Start of Block
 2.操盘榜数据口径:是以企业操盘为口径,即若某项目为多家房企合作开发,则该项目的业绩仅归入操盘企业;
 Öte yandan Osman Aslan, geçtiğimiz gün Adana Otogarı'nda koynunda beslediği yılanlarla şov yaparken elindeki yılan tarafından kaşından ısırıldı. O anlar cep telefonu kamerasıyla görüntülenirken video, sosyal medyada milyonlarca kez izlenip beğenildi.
End of Block
Start of Block
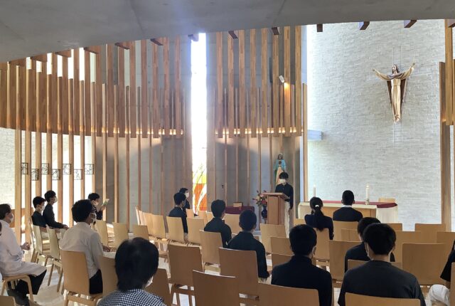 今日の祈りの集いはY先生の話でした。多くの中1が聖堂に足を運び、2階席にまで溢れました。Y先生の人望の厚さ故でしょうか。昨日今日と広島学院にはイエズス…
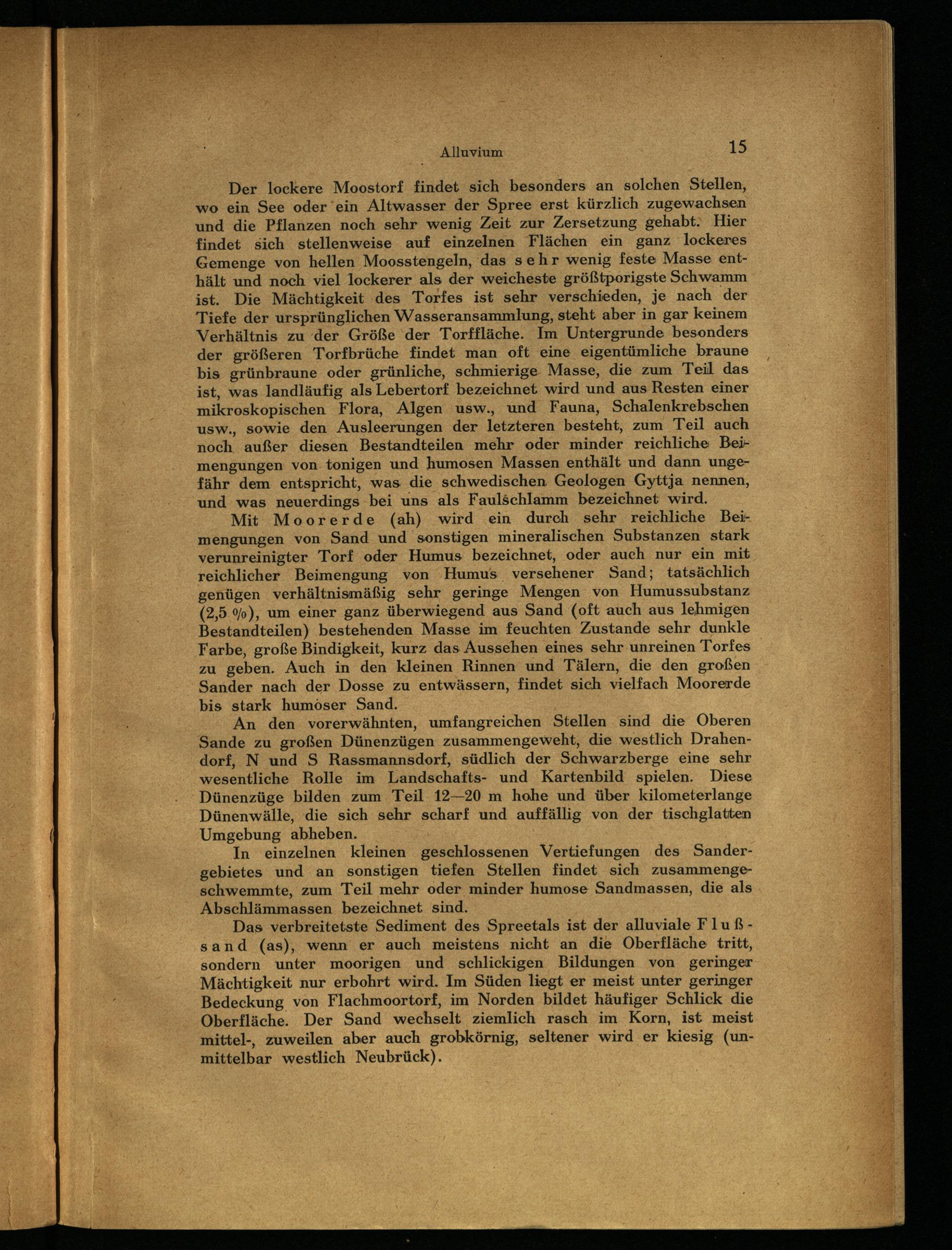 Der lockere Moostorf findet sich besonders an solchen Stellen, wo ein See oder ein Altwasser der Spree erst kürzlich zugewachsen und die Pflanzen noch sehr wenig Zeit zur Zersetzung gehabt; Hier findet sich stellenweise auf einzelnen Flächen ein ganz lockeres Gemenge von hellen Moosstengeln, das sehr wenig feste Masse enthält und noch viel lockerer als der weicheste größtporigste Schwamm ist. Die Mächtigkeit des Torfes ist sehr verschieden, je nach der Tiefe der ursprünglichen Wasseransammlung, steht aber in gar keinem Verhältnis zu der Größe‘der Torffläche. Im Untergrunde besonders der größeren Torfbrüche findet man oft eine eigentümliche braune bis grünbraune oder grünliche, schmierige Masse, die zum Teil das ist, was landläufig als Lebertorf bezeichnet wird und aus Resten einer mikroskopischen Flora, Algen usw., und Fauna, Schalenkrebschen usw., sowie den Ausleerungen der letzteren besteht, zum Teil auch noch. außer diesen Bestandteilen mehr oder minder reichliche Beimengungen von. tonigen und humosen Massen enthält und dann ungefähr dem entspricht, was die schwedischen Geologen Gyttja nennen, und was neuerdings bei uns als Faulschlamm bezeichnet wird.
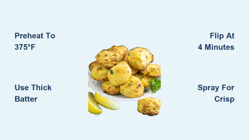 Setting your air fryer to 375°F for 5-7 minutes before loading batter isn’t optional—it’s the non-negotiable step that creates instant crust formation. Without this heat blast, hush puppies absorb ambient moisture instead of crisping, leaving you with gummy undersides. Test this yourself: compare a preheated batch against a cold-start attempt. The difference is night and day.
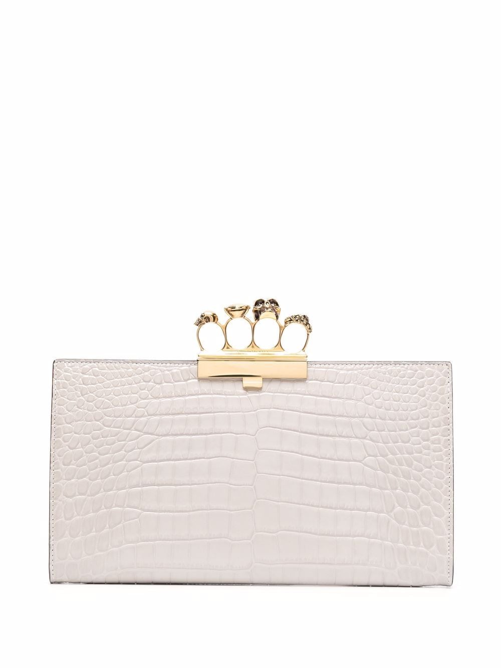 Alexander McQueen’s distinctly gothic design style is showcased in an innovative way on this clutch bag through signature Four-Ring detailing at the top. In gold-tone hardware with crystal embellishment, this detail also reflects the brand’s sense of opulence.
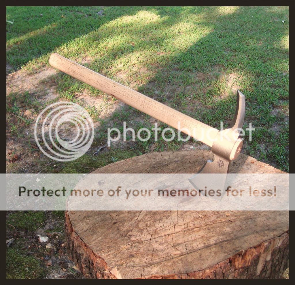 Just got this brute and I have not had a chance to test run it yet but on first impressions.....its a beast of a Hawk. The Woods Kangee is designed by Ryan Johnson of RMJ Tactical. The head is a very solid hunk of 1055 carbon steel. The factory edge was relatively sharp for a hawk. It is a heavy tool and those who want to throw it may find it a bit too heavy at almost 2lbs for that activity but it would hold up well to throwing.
End of Block
Start of Block
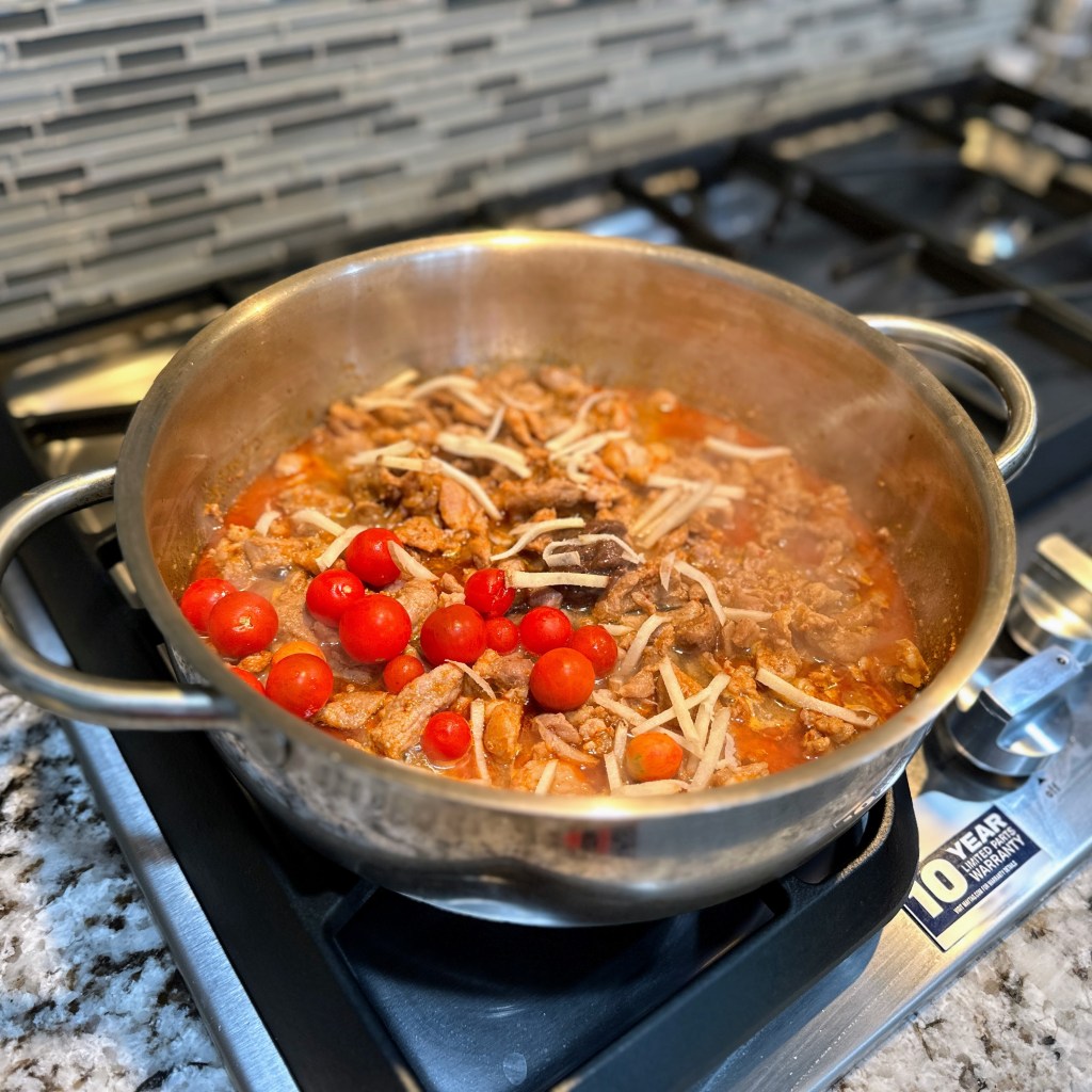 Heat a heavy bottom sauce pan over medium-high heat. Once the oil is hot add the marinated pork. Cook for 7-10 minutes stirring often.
End of Block
* **WHAT NEEDS TO BE DONE**:
Output exactly the lines of the listing above that start with the one holding "Der lockere Moostorf" and go on through the one holding "Setting your air"; leave the pictures out.

* **ANSWER BOX**:
 Der lockere Moostorf findet sich besonders an solchen Stellen, wo ein See oder ein Altwasser der Spree erst kürzlich zugewachsen und die Pflanzen noch sehr wenig Zeit zur Zersetzung gehabt; Hier findet sich stellenweise auf einzelnen Flächen ein ganz lockeres Gemenge von hellen Moosstengeln, das sehr wenig feste Masse enthält und noch viel lockerer als der weicheste größtporigste Schwamm ist. Die Mächtigkeit des Torfes ist sehr verschieden, je nach der Tiefe der ursprünglichen Wasseransammlung, steht aber in gar keinem Verhältnis zu der Größe‘der Torffläche. Im Untergrunde besonders der größeren Torfbrüche findet man oft eine eigentümliche braune bis grünbraune oder grünliche, schmierige Masse, die zum Teil das ist, was landläufig als Lebertorf bezeichnet wird und aus Resten einer mikroskopischen Flora, Algen usw., und Fauna, Schalenkrebschen usw., sowie den Ausleerungen der letzteren besteht, zum Teil auch noch. außer diesen Bestandteilen mehr oder minder reichliche Beimengungen von. tonigen und humosen Massen enthält und dann ungefähr dem entspricht, was die schwedischen Geologen Gyttja nennen, und was neuerdings bei uns als Faulschlamm bezeichnet wird.
 Setting your air fryer to 375°F for 5-7 minutes before loading batter isn’t optional—it’s the non-negotiable step that creates instant crust formation. Without this heat blast, hush puppies absorb ambient moisture instead of crisping, leaving you with gummy undersides. Test this yourself: compare a preheated batch against a cold-start attempt. The difference is night and day.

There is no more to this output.